**PROBLEM**
Set down only the lines from the one containing "Construction worker smiling" through the final line of the entries below, exactly as they stand, with no pictures.

**AVAILABLE RECORDS**
"""

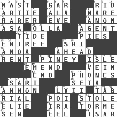 ACROSS 1. Vertical spar for supporting sails 5. Slender fish 8. To free from 11. Nick name for Arthur 13. In the manner of 14. Female horse 15. Less widely known 16. First lady 17. Soon (poet.) 18. White ___ sheet 19. Water jar 21. Representative 22. Event that recurs at intervals 24. Sliced desserts 25. Main course 27. Indian title of respect (Mr.) 29. Small Philippine buffalo 30. Forward in time 32. Monthly bill 33. Abounding in pines 35. Capri or Wright 39. Make improvements or corrections to 41. Distinctive style or manner 42. Conclude 43. Gives a jingle 45. Indian skirt 48. Bristle 49. ID or VA city 50. 57 in ancient Rome 52. Keyboard key 55. Monetary unit of Yemen 56. Luau course 57. Took without asking 59. Writer Wiesel 60. Lyricist Gershwin 61. Singer Mel 62. Elected rep. 63. Snakelike fish 64. Russian ruler of old DOWN 1. Hindu Mythology: god of death 2. Ancient river in northeast Turkey 3. Ski resort town in Vermont 4. Standoff 5. Highlander 6. Inventor's middle name 7. Actress Charlotte 8. Indian princess (variant) 9. Removes the wrinkles 10. Incision 12. Eat (away) 14. Wise men 20. Area sheltered from the wind 21. Capital of Western Samoa 23. Feeling or showing extreme anger 25. Ewer handle 26. Compass dir. 27. A female animal or person 28. Marina Del _, California 30. Added to 31. A piece of turf (Scot.) 33. Fenced enclosure 34. Working for oneself (abbr.) 36. Legislators 37. Untruth 38. Followers of ems 40. Chow _ 43. 23rd letter of the Greek alphabet 44. Robbery 45. Grin 46. At full speed 47. Hero or heavy, e.g. 49. Ancient Greek god of war 50. Old wives' tales, e.g. 51. Small bottle 53. _ mater 54. Fermented drink made from hops 56. Sliced dessert 58. Small child
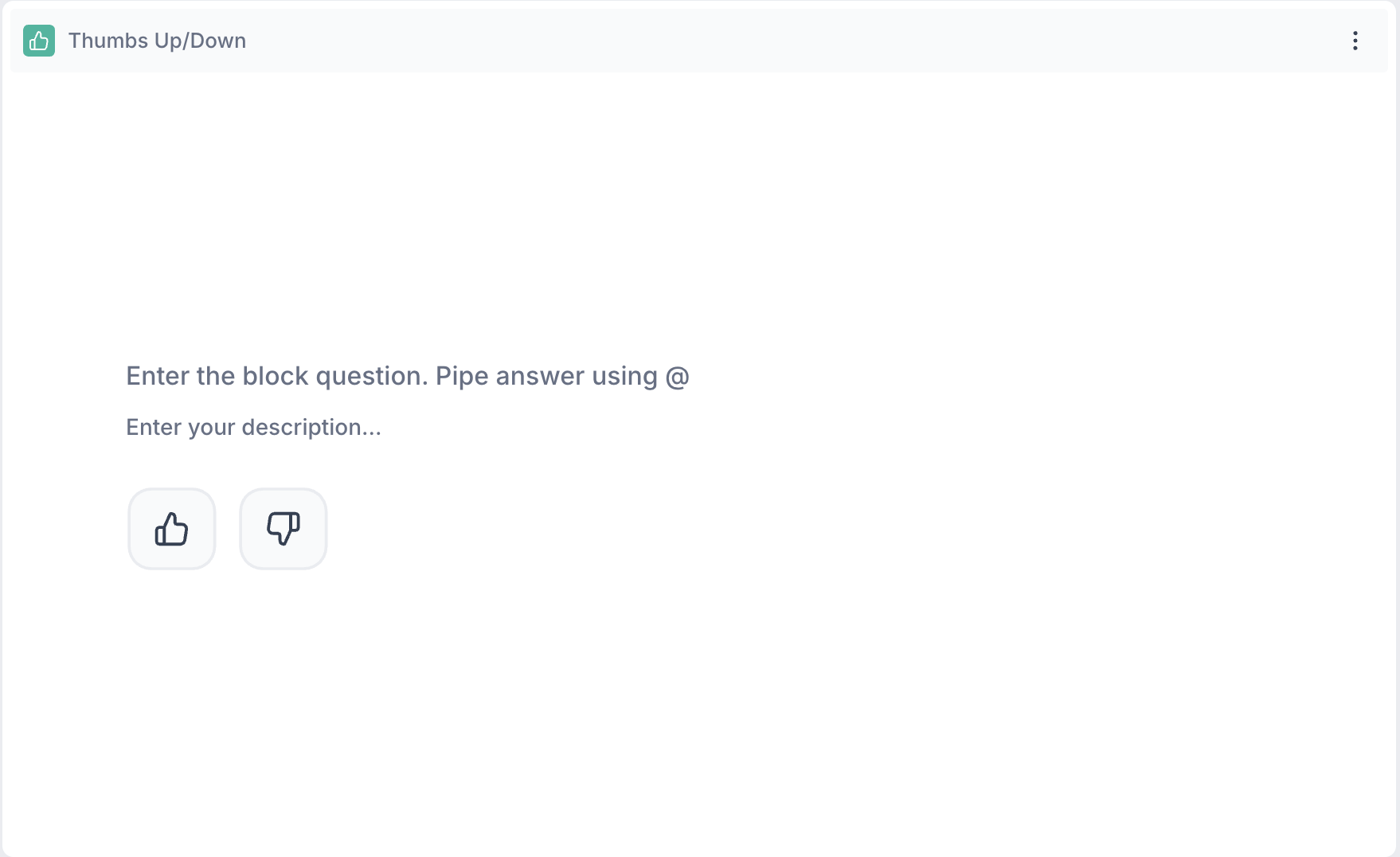 5. Thumb Up/Down 👍👎 : In this question type, respondents indicate whether they like or dislike an item by selecting a thumbs-up or thumbs-down icon. This question type is commonly used in consumer research to understand product appeal, interest, or preferences.
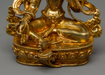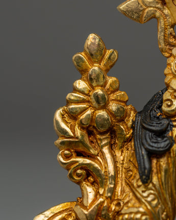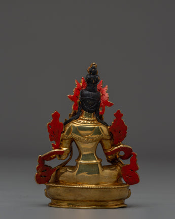 This Female Bodhisattva Green Tara Copper Handcrafted Statue stands 5.3” (13.5 cm) tall, with a base width of 3.9” (10 cm), and weighs 0.47 kg. Expertly crafted by skilled Nepalese artisans, this piece is made from copper with 24K gold gilding and features detailed gold and acrylic paintings. This delicate piece makes a meaningful addition to personal altars, meditation spaces, or as a symbol of compassion and protection in any spiritual collection.
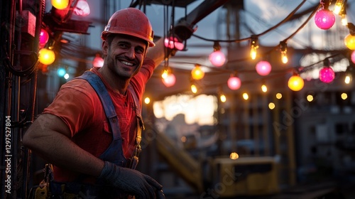 Construction worker smiling amidst colorful lights at sunset in an urban setting
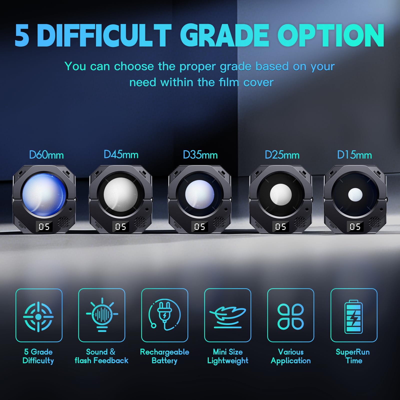 - 5 Grade difficulty: This electronic target provides 5 difficult grade options.(60mm/45mm/35mm/25mm/15mm),highly practive your accuracy skill
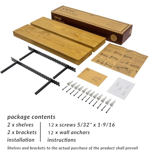 XWNE - مجموعة أرفف عائمة من الخشب الطبيعي، أرفف ديكور حائط للحمام وغرفة المعيشة وغرفة النوم والمطبخ، أرفف مدعومة كليا ومصنوعة يدويا من اكس دبليو ان اي، لون خشب البلوط - 60 × 15 × 3.8 سم، 2 قطعة

"""

**COMPLETED TASK**
 Construction worker smiling amidst colorful lights at sunset in an urban setting
 - 5 Grade difficulty: This electronic target provides 5 difficult grade options.(60mm/45mm/35mm/25mm/15mm),highly practive your accuracy skill
 XWNE - مجموعة أرفف عائمة من الخشب الطبيعي، أرفف ديكور حائط للحمام وغرفة المعيشة وغرفة النوم والمطبخ، أرفف مدعومة كليا ومصنوعة يدويا من اكس دبليو ان اي، لون خشب البلوط - 60 × 15 × 3.8 سم، 2 قطعة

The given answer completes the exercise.